If you make your fake name distinct enough, you could also get legitimate
sounding domains and put up articles about yourself, and they will show up on
the front page of a search on your name. Barney on "How I Met Your Mother" did
this:

[http://www.lorenzovonmatterhorn.com/](http://www.lorenzovonmatterhorn.com/)

[http://bigbusinessjournal.com/](http://bigbusinessjournal.com/)

[http://www.balloonexplorersclub.com/](http://www.balloonexplorersclub.com/)

[http://www.extremitiesquarterly.com/](http://www.extremitiesquarterly.com/)

Of course, he also did social media:

[https://www.linkedin.com/in/lorenzovonmatterhorn/](https://www.linkedin.com/in/lorenzovonmatterhorn/)

I had not realized that LinkedIn allowed fake people. In this case, not only
is it a fake person, it is a fake person made up by a fictional person!
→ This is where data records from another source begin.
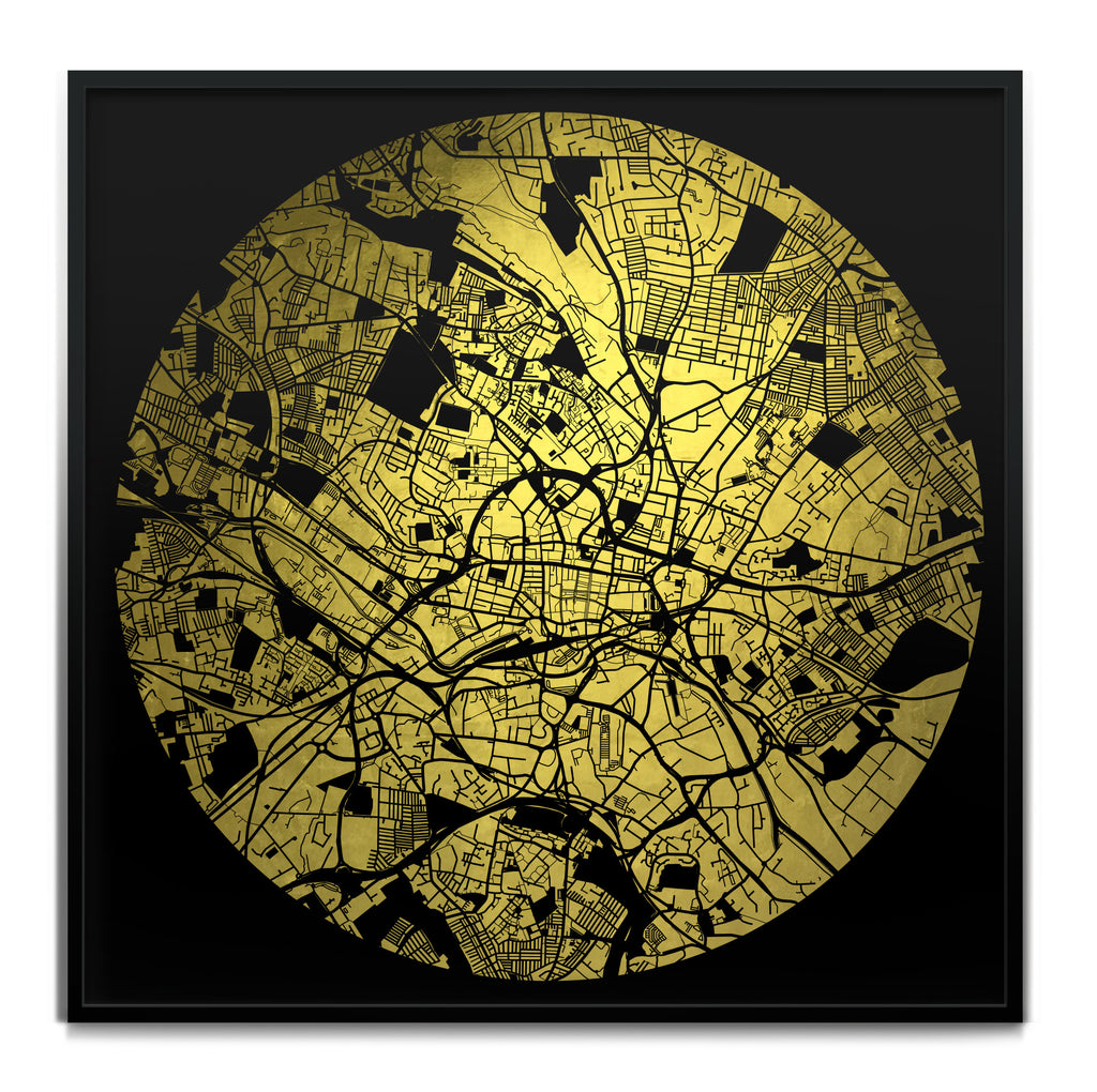 - UV treated ink on 24 karat gold leaf, gold leaf hand gilded onto 3mm aluminum composite, framed
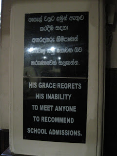 am vergangenen montag begann ein reigen an festen, der uns bis weit in den dezember hinein in der erzdiözese colombo auf trab halten wird. an diesem tag - für österreicher der festtag des hl. leopold, stifter von klosterneuburg, heiligenkreuz und kleinmariazell - hat erzbischof malcolm ranjith geburtstag, zugleich ist es der gedenktag seines hl. namenspatrons albert des großen.der tag begann mit einer hl. messe im archbishop's house (da gab es natürlich auch eine gabenprozession, wo man sich fragt: was ist da drin? s.o.), zu der besonders die ordensschwestern eingeladen waren (mit anschließendem frühstück - auf dem bild ist zwar der tisch blank, aber es soll etwas zu essen gegeben haben).
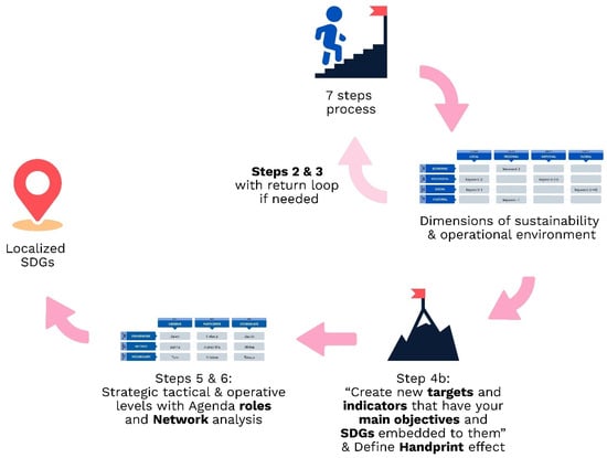 After defining the main and supporting SDGs, the sustainability dimensions and operative environment are Analysed. In Step 4 (b), new Localised indicators are created, while steps 5 and 6 are about identifying and defining dimensions of strategy, roles and the network.
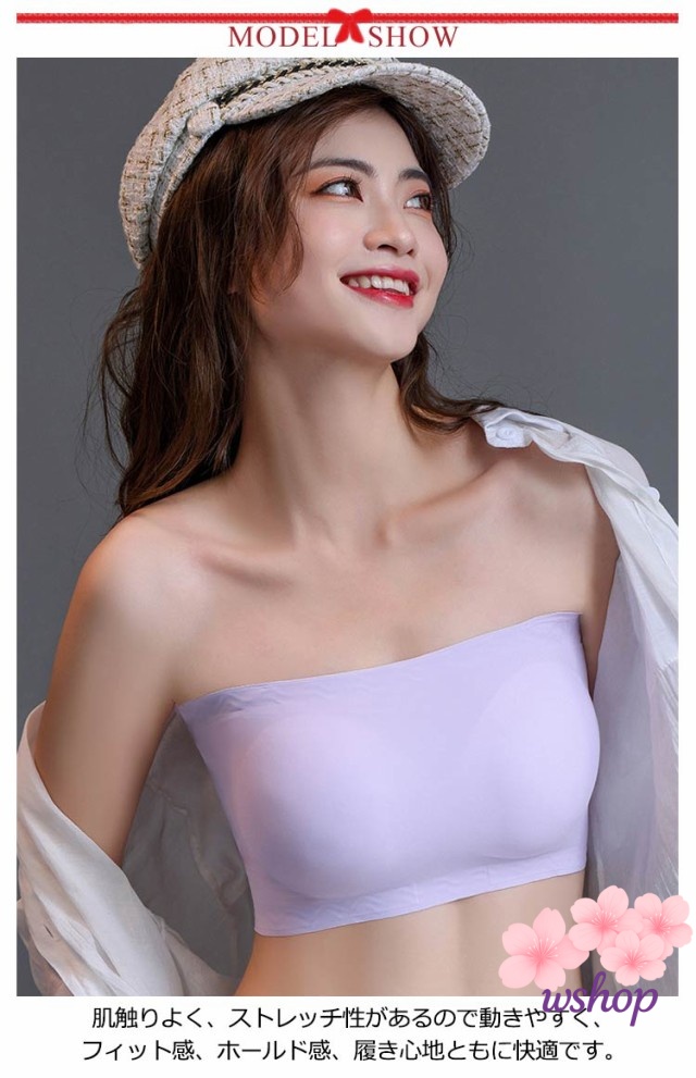 | 滑り止め加工でずれ落ちにくいチューブトップ。 肌触りよく、ストレッチ性があるので動きやすく、フィット感、ホールド感、履き心地ともに快適です。 通気性高いの涼しい生地のため、長時間着ても蒸れず、一日中快適! 日常使いにはもちろん、結婚式、パーティーなど幅広いシーンでも大活躍の肩ひもないブラです。 | |
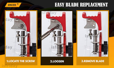 It can also be easily replaced by your locally available blade. The blade can be removed in three easy steps: 1. Locate the screw; 2. Loosen; 3. Remove blade
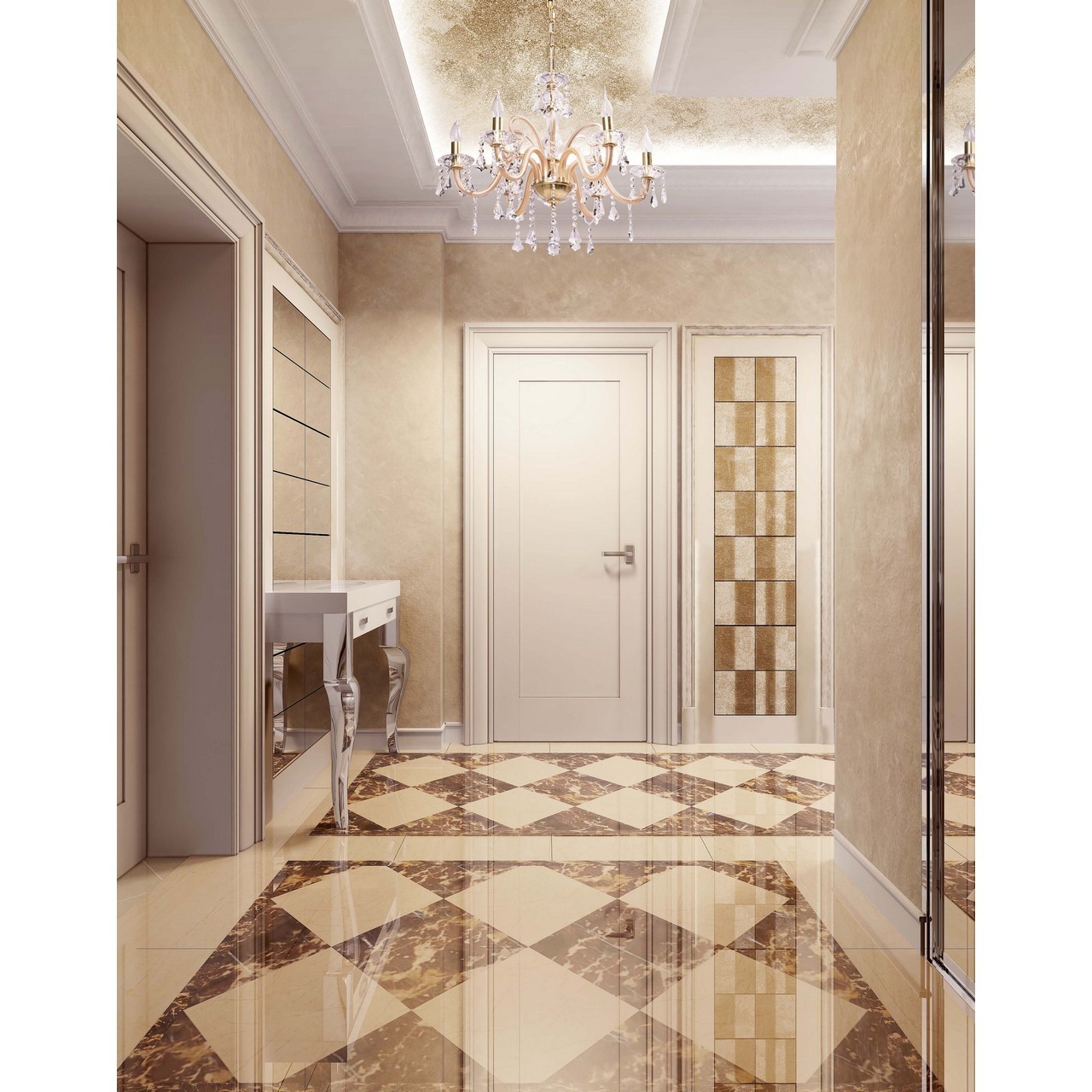 Чтобы оформление прихожей было не просто красивым, а эффектным, необходимо учитывать особенности помещения. С помощью дизайна пола можно визуально изменить не только его размеры, но и характер интерьера.
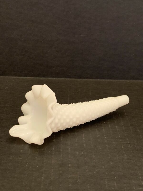 Fenton White Milk Glass Epergne 6 Inch Replacement Ruffled Hobnail Horn

And that fictional person is also on LinkedIn [1], which is also something I
didn't realize they allowed, but looking around I see a lot of fictional
characters, such as Sheldon Cooper and Amy Farrah Fowler from "Big Bang
Theory", Tony Stark and Obadiah Stane from "Iron Man", and most of the staff
of Dunder Mifflin.

Anyway, you could do the fake article thing before the net, but it took some
real effort. There was a con man in the late 19th century who pulled an
investment scam in a western town. He told people to check out the stories
written about his company in leading financial publications from back east. Of
course no one in the town personally subscribed, so they had to go to the town
library, and there they found there were indeed positive articles about him,
and of course those were fake issues he had printed that added articles about
him to the real issues. A nice touch was that on the way out of town with his
victims money, he stopped by the library and replaced the modified magazines
with the originals.

[1]
[https://www.linkedin.com/in/barneystinson/](https://www.linkedin.com/in/barneystinson/)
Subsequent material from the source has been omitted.